Evander went and I wondered if I was the reason that the lost boy wasn’t ready to live his life. Could I have saved his father? Should I have died so that the next generation would live? I thought about how Mouse had taken care of the boy and his family for nearly two decades after killing Frank Green. Mouse and I had been friends since our teen years, and I was still finding new sides to him.
When Evander returned I gulped down the sweet and foul brew, and then lay back to consider what to do about so many different and conflicting troubles.
“I found Maurice,” I said some while later. I had a multitiered plan in place. I might not have been able to articulate every step, but you don’t have to be able to forge a pistol in order to shoot a man dead.
“Did he know what happened?” Little Green asked.
“I’m sure he did, but he didn’t tell me, because he was dead.”
“Dead? How?”
“Somebody shot him in the shoulder, but he survived that. Then somebody tortured, beat, and then shot him in the head trying to get to you.”
“Me? What for?”
“That money, of course.”
“Where is the money?”
“In a safe place.”
“I been thinkin’ ’bout it, Mr. Rawlins. That’s my money and I want it.”

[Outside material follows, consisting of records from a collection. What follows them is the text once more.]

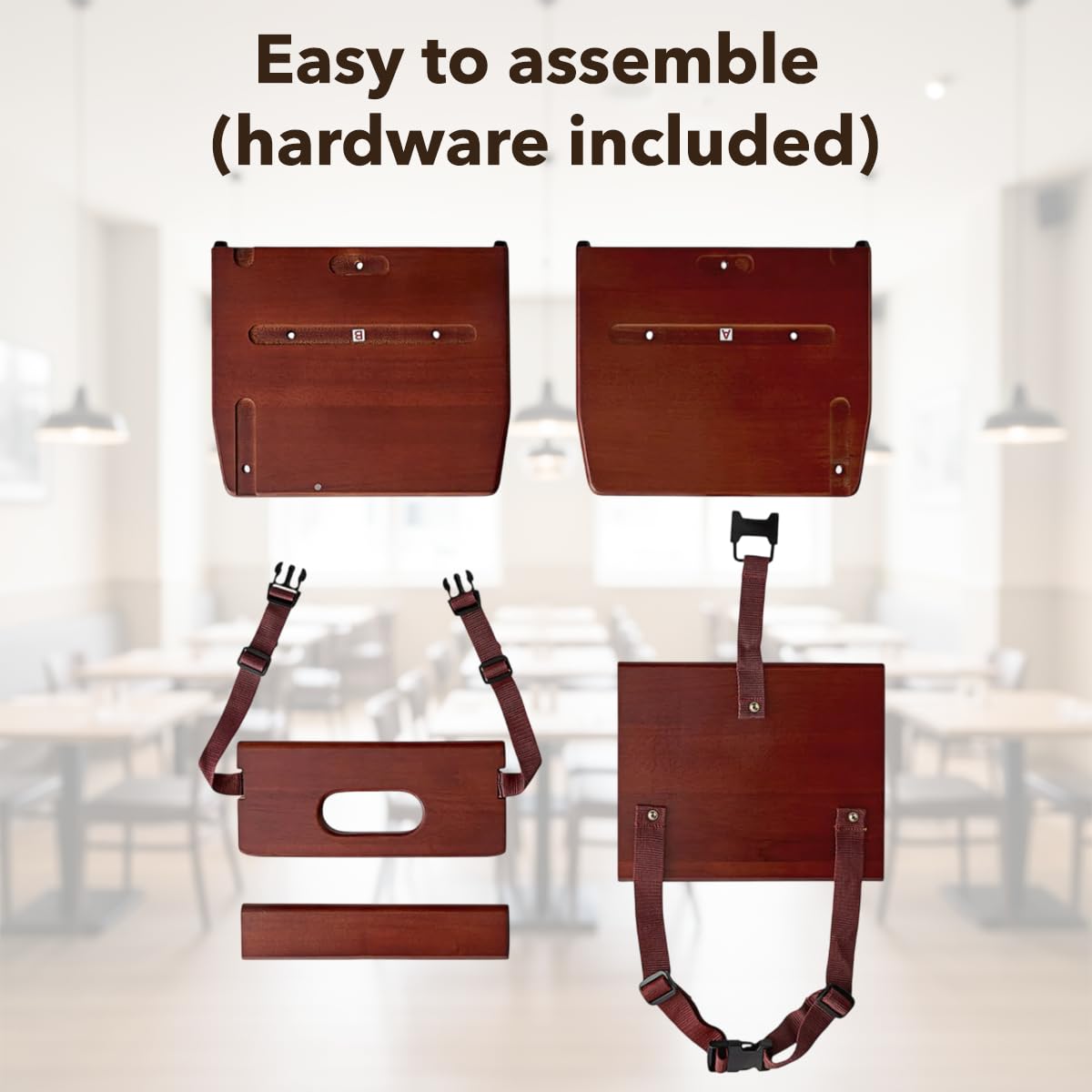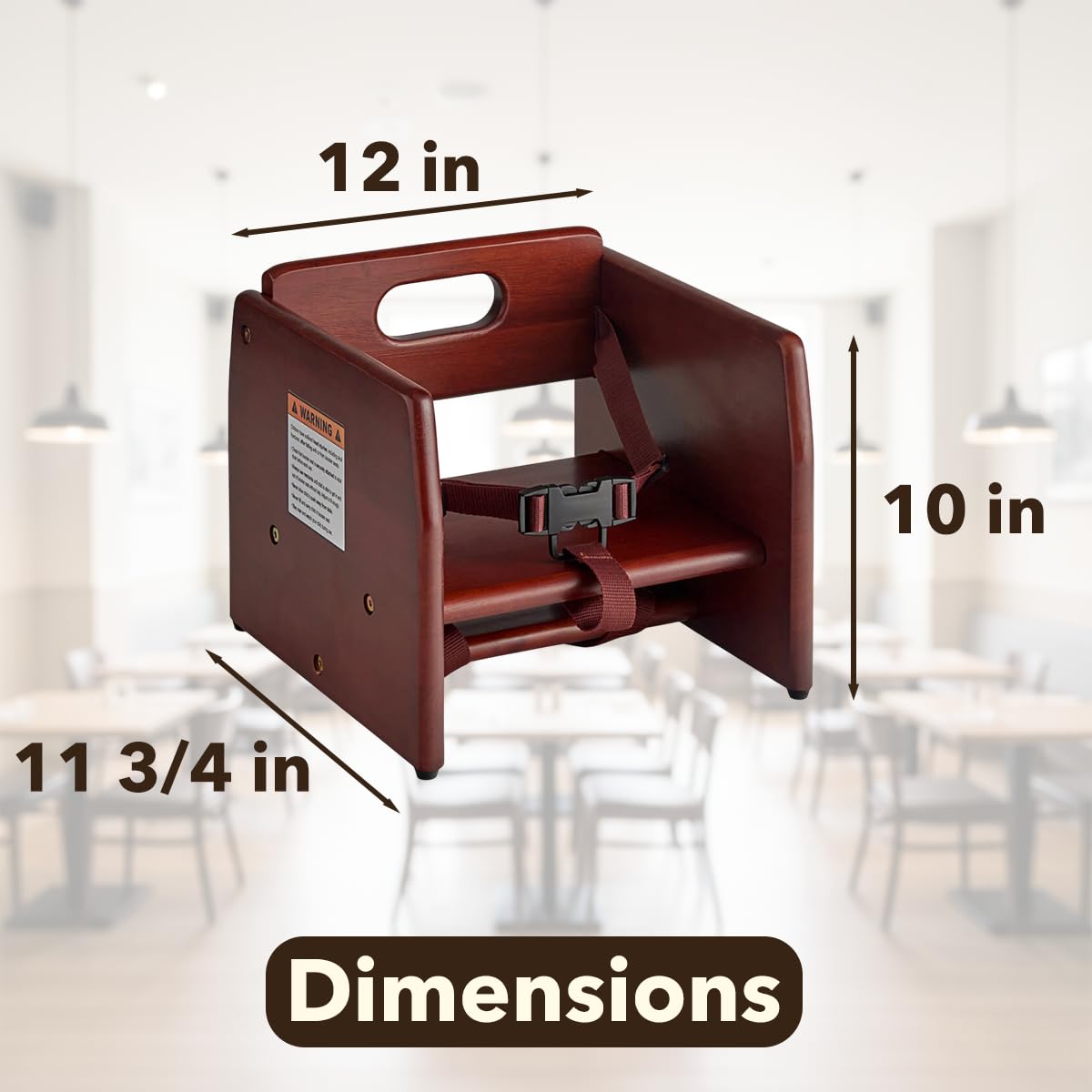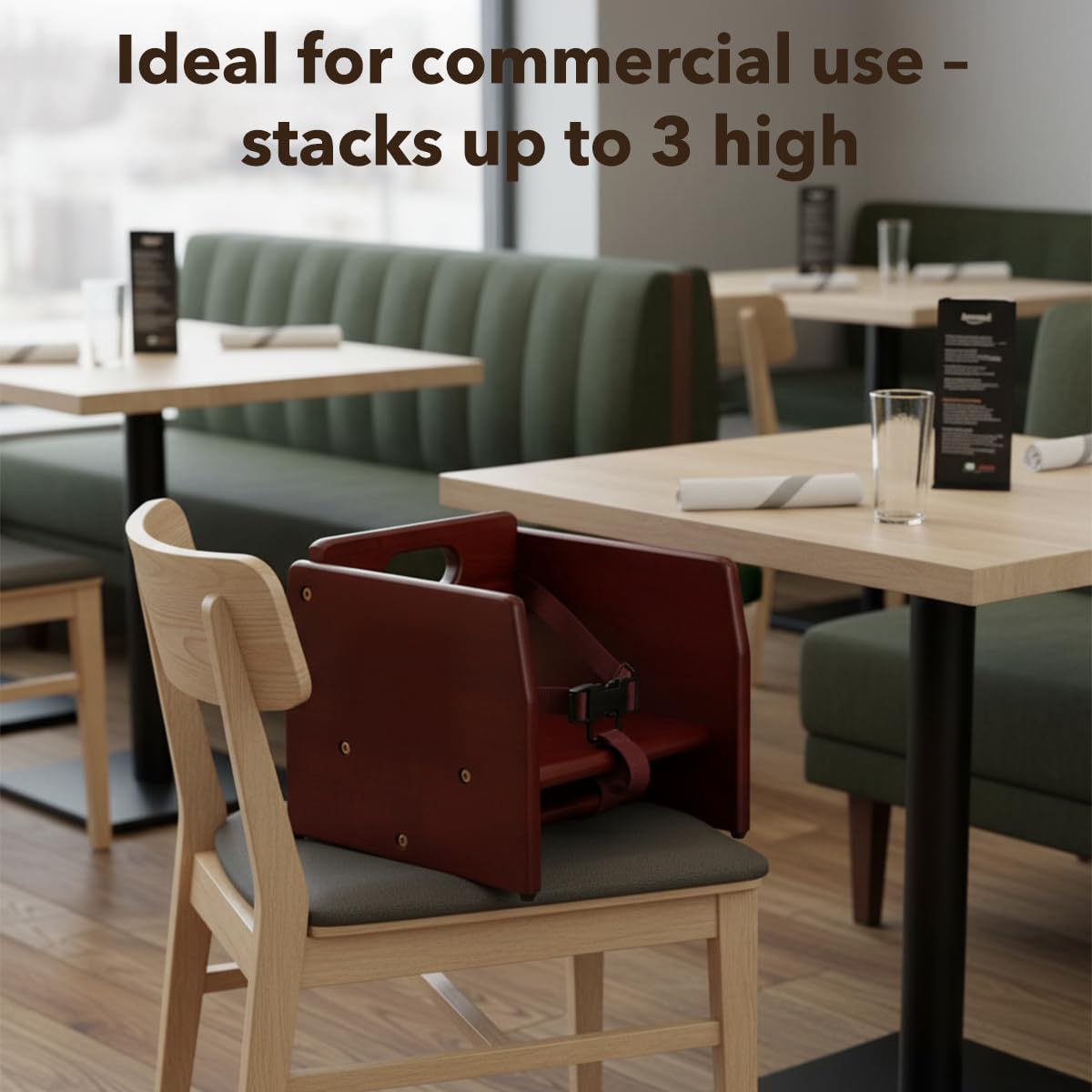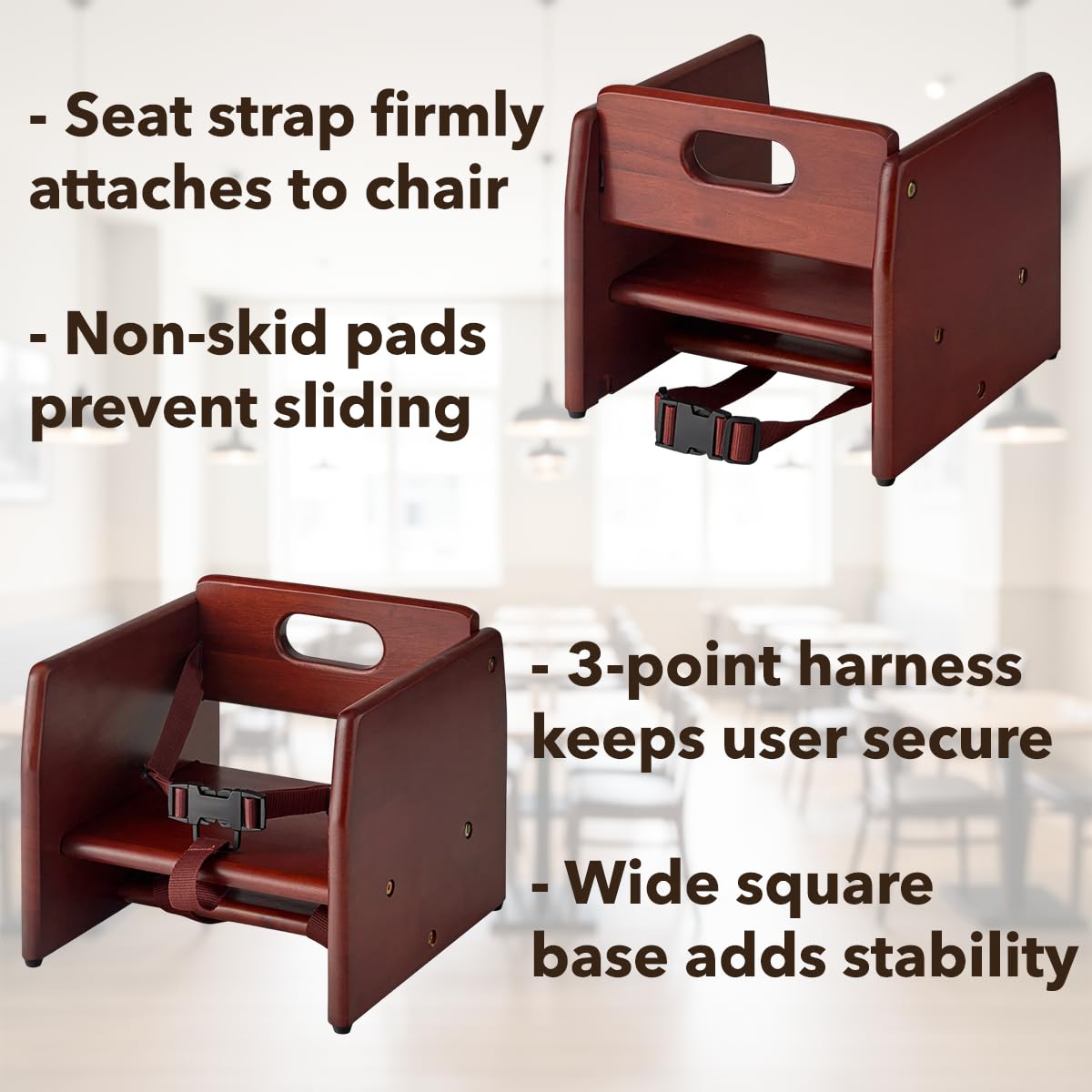 Enhance your dining area with this wooden booster seat, available in multiple finishes to match any restaurant, cafe, or banquet décor. Built from durable rubberwood, it features a 3-point harness, chair strap, and non-slip pads for secure seating and stability. The smooth wood surface is easy to clean, while the rounded edges provide comfort and a polished look. Lightweight with an easy-grip handle, this seat can be stacked up to three high for compact storage. Ships unassembled with hardware and tool included for quick setup. Available finishes: Black, Mahogany, Natural, Dark Brown, Walnut. Q: What material is it made from? A: Solid rubberwood with a protective finish for durability and smooth appearance. Q: How is it secured during use? A: Includes a 3-point harness, chair strap, and non-slip pads for firm placement. Q: Is assembly required? A: Yes, it ships unassembled; all hardware and tool are included. Q: Can it be stacked? A: Yes, up to three units high for convenient, space-saving storage. Q: Where can it be used? A: Ideal for restaurants, cafes, hotels, and banquet halls.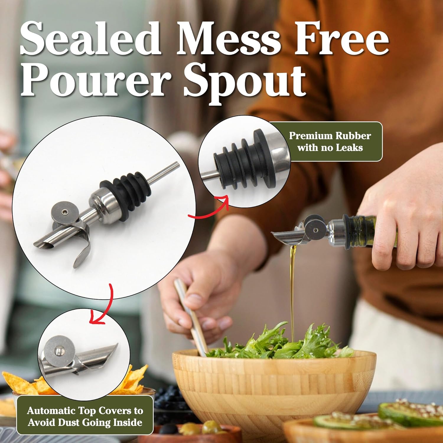- ✔️ EASY AND CONVENIENT - Kitchen oil dispenser bottle for home or restaurant is designed for easy and mess-free pouring, These olive oil bottles automatically opened when pouring down and closed when pouring up vertically without manual closing. Free up your hands while you're busy cooking, making it a convenient addition to any kitchen,The easy-to-use spout ensures controlled pouring and helps prevent spills and leaks.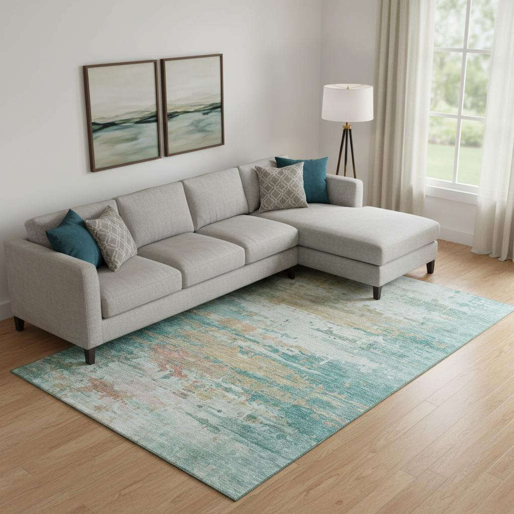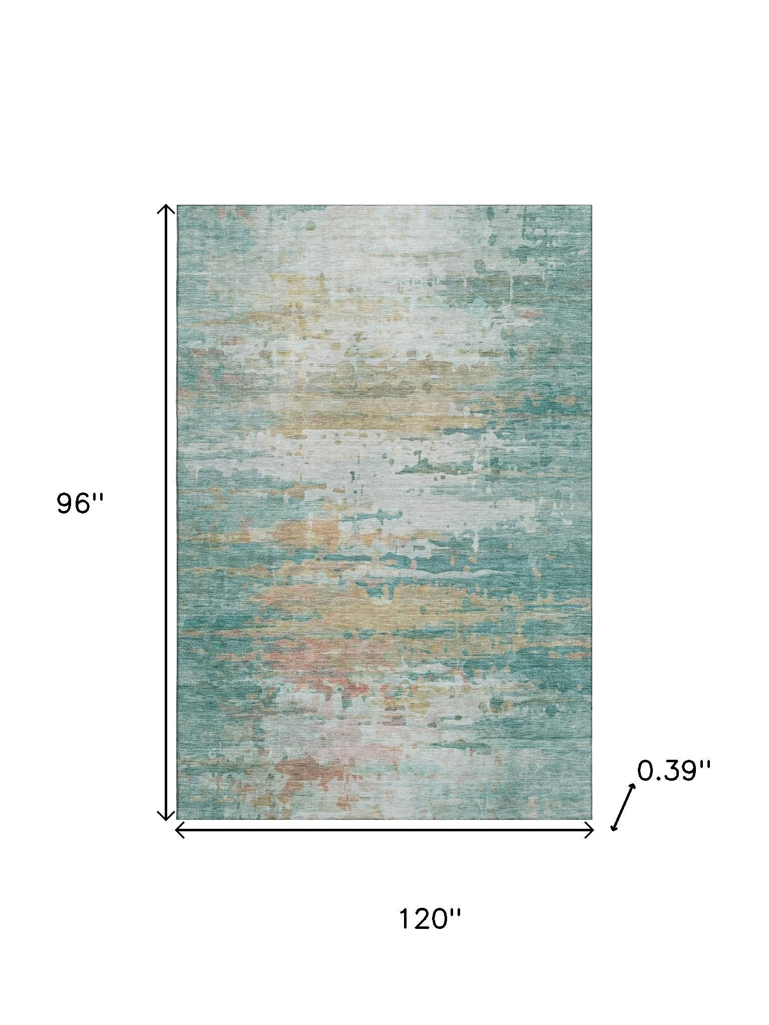 This 8-foot x 10-foot teal and beige abstract washable area rug with uv protection, is a great way to add warmth to a room. Ideal for spaces with kids and pets, this rug is stain resistant to help repel dirt and spilled liquids. Built to last, this rug crafted from polyester fibers is known for its durability and long lasting appeal. Rugs are a great way to showcase your style, hide imperfections, warm your home and reduce noise. This larger sized, transitional styled rug is ready to create a focal point or statement piece in your room. 96.00-inch h x 120.00-inch w x 0.39-inch d.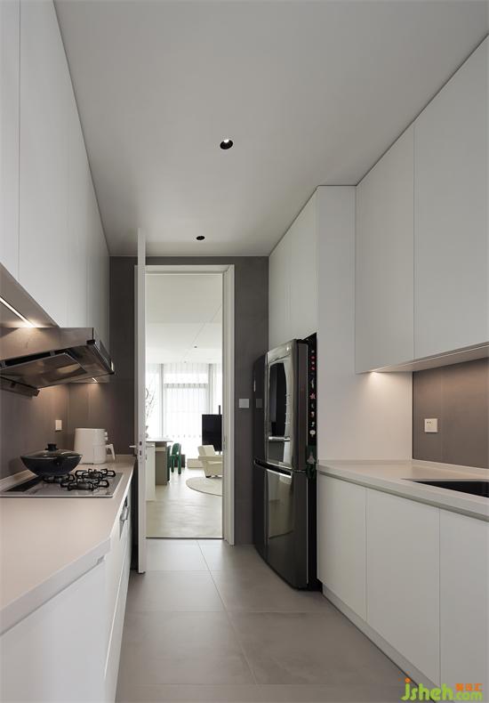 中西厨分离,海府壹号家装设计为居住者的休闲生活提供了更多的便利,厨房双一字型布局留出通往阳台的过道,动线简单功能清晰。
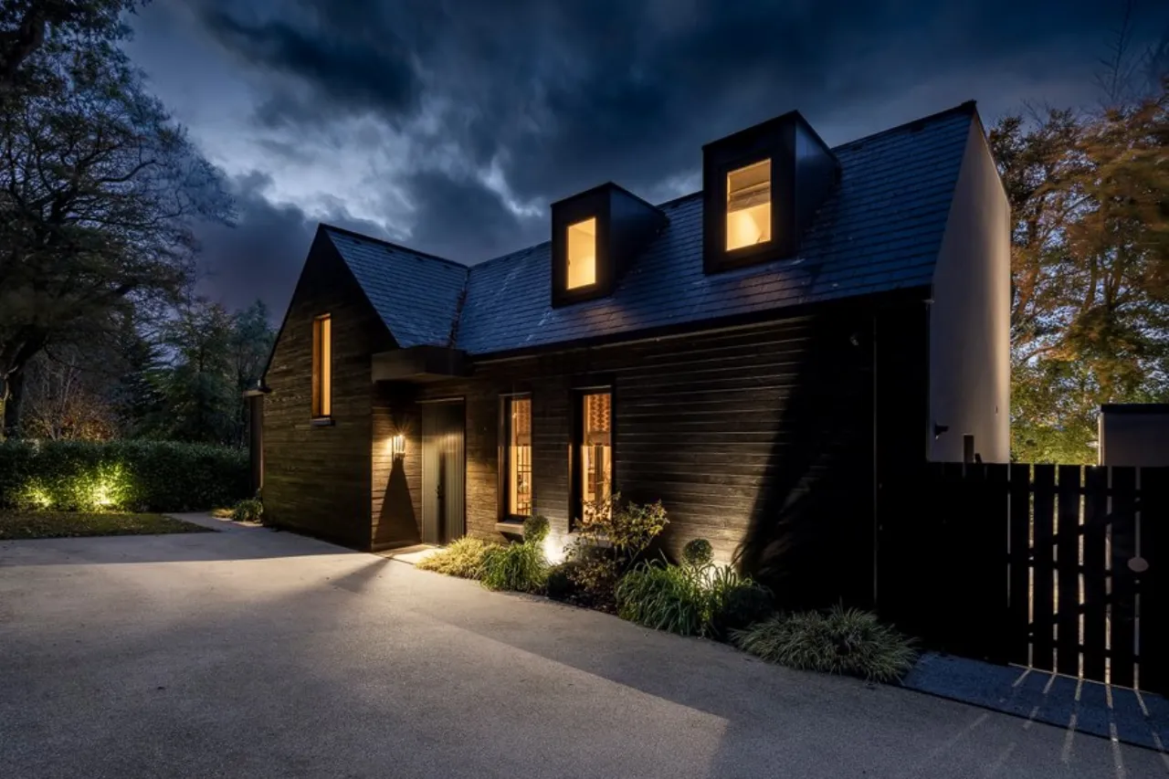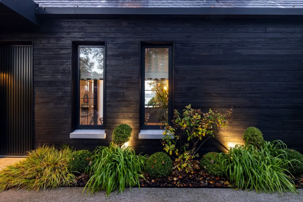 Remote sliding electric gates with intercom system linked to mobile phone. Resin bonded driveway with parking for three cars. Mature shrub beds with feature lighting. Laid in lawns. Access to each side via secure gates.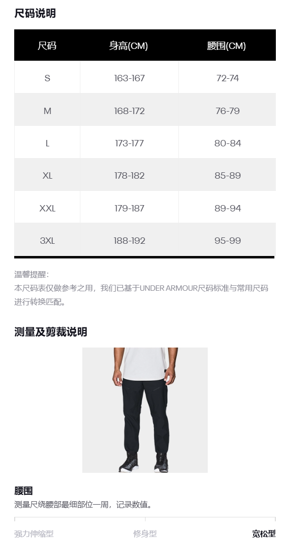 安德玛男子UA Unstoppable自在系列长裤1387778-001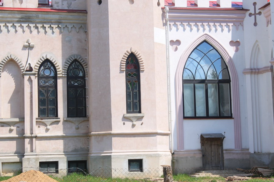 Второй мистической деталью поездки оказался ветер в спину в первые два дня. Любой, кто когда-нибудь ездил на веловипеде, знает: ветер дует в лицо (изредка в лицо и сбоку), а дорога ведет в гору. Но на трассе М6 всё было иначе: ветер дул в спину, катиться было не легко, а очень легко и так мы незаметно добрались до Мурованки, где тут же посетили местную церковь, один из 2 сохранившихся в Беларуси образцов оборонительных церквей.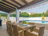 Stue, Køkken(komfur, kaffemaskine), soveværelse(enkeltseng, enkeltseng), soveværelse(enkeltseng, enkeltseng), soveværelse(dobbeltseng), soveværelse(køjeseng), badeværelse, badeværelse, badeværelse, ovn, mikrobølgeovn, opvaskemaskine , køle-fryseskab, bruser, bruser, bruser, håndvask, håndvask, håndvask, toilet, toilet, toilet, klimaanlæg, klimaanlæg, klimaanlæg, klimaanlæg, have, havemøbler, 8x solstole, grill, 2x Parasol, swimmingpool, barneseng, barnestol

“We don’t know whose money it is,” I said. “One thing for sure: There’s blood on it. If you take one you got to take the other. But in the meanwhile we can’t put it under the bed or in the trunk of my car. The money is safe and it will stay that way until we figure out who killed Maurice and dissuade them from doing the same thing to you and yours.”
Evander frowned again. He was worried about his mother and sisters. That was good. I wanted to keep him focused on right now so I could work some magic around later on.